Остеокласты уникальный гигантские многоядерные клетки, расположенные на или вблизи поверхности кости и принадлежат к моноцитов/макрофагов семьи1. Ibbotson K. J. и др. сообщил метод для создания остеокластов подобных клеток в пробирке с средой, содержащей 1,25-дигидрокси витамин D35. Выявление макрофагальный колонии стимулирующий фактор (M-CSF) и рецепторов активатор для ядерного фактора κ B лиганда (RANKL) как основные факторы формирования остеокластов резко повысило эффективность osteoclastogenesis в пробирке 1 , 6 , 7. способность культуры остеокласты в vitro улучшилось наше понимание поколения и регулирование остеокластов.

Млекопитающих/механистический цель rapamycin (mTOR) функций в двух структурно и функционально различных комплексов, а именно mTORC1 и mTORC28,9. Два различных белковых комплексов отличаются друг от друга из-за их различных компонентов и ниже по течению субстратов. mTORC1 содержит уникальные регулирования связанных белков mTOR (хищника), а mTORC2 rapamycin нечувствительным компаньон mTOR (Rictor)9. mTORC1 можно интегрировать и передавать важные сигналы регулировать рост клеток, пролиферации и дифференцировки.

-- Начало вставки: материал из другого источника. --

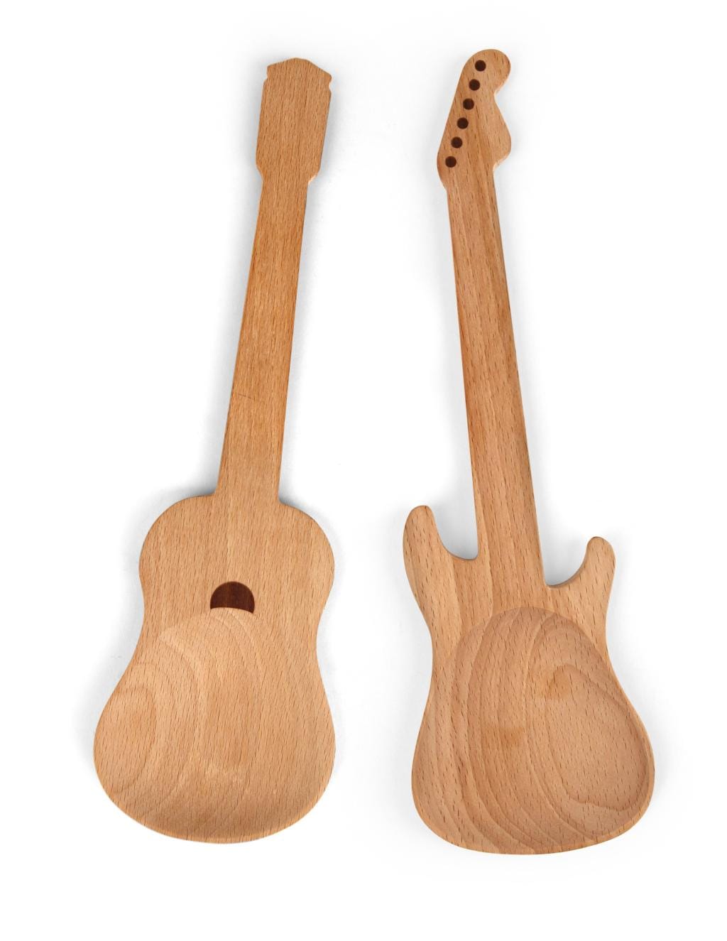 I Love Rock & Roll! Deze vette gitaren zijn een Must voor in je keuken. De set bestaat uit een Akoestische & Electrische Gitaar. Ontworpen door de jonge designer Bartjan de Bruijn. Gebruik de Rockin' Lepels om swingend te roeren in je soep, de boogiewoegie te dansen tijden het mixen van je beslag of shakend je salade op te dienen aan je gasten! Met deze Rocking Spoons blijft koken een feestje!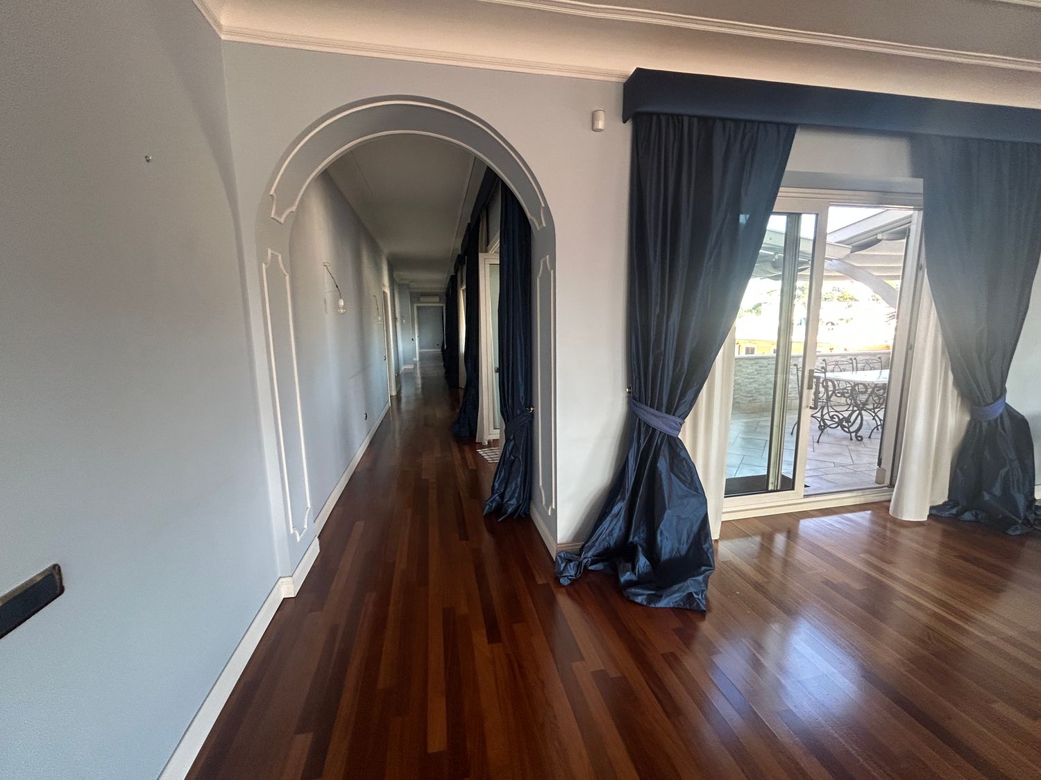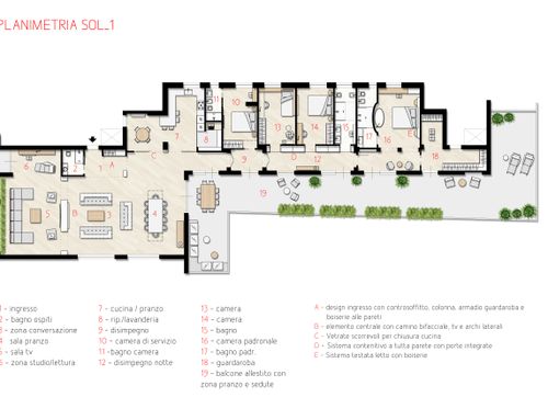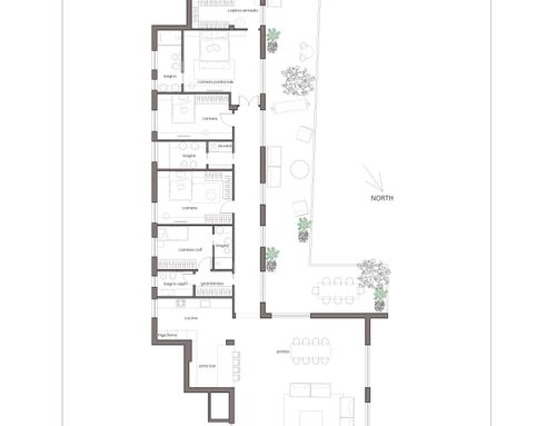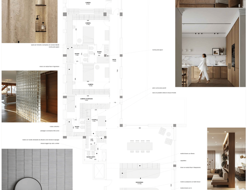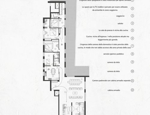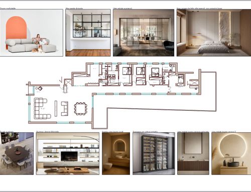 Vi riportiamo due planimetrie; la prima (su due fogli) è come era la casa in origine e la seconda come è attualmente ( salone open space ). Dovremmo ridistribuire gli spazi interni; l'ingresso principale sarà nel salone come nella prima planimetria. il salone, open space come nella seconda planimetria, andrà diviso solo con il mobilio in una zona tv con divano grande, un salotto con divani e una zona pranzo. La cucina andrà aperta il più possibile verso il salone ( dividendola magari con grande porta/vetrata scorrevole, ci farebbe piacere anche un'isola) preferiremmo evitare di spostare i mobili dalla zona segnata ma in caso di necessità per ricavare più spazio possiamo valutare alternative. Bisognerà poi creare una camera di servizio con bagno. Un bagno ospiti, tre camere con due/ tre bagni. Possibile ridurre un po' il corridoio da destinare alle camera in fondo o agli armadi delle camere. Come stile saremo orientati su uno stile japandi/ minimal scandinavo mixato ad elementi classici.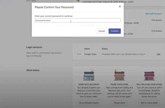 · enter your password · click confirm. Log in as the store owner. Log in to your shopify admin panel as the account owner to delete and close your shopify . · from your shopify admin, click settings, and then click plan and permissions or account. Click cancel subscription or pause or deactivate store.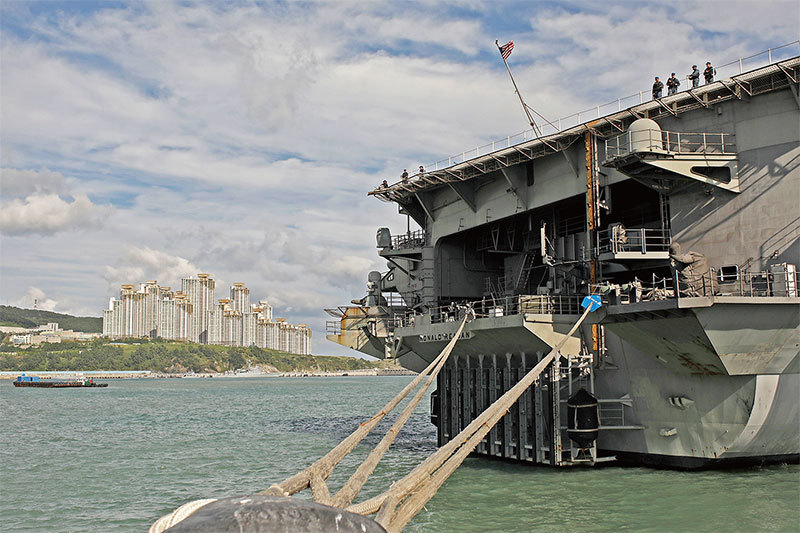 美國總統川普出訪亞洲前,美國海軍三艘航母已進入朝鮮半島海域,對北韓和中共都是極大的威懾。圖為10月21日美國里根號航母停泊韓國釜山海軍基地。(Getty Images)

Недавно мы продемонстрировали, что mTORC1 играет ключевую роль в сети катаболических костную резорбцию путем удаления Raptor для инактивации mTORC1 в остеокласты10. Однако основные механизмы требуют дальнейшего изучения. В настоящем исследовании на основе RANKL osteoclastogenic метод был использован для создания остеокласты из костного мозга, полученных макрофагов (BMMs) одичал типа (WT) и рэпCtsk мышей, а также изучить влияние инактивирование mTORC1 на остеокластов формирование.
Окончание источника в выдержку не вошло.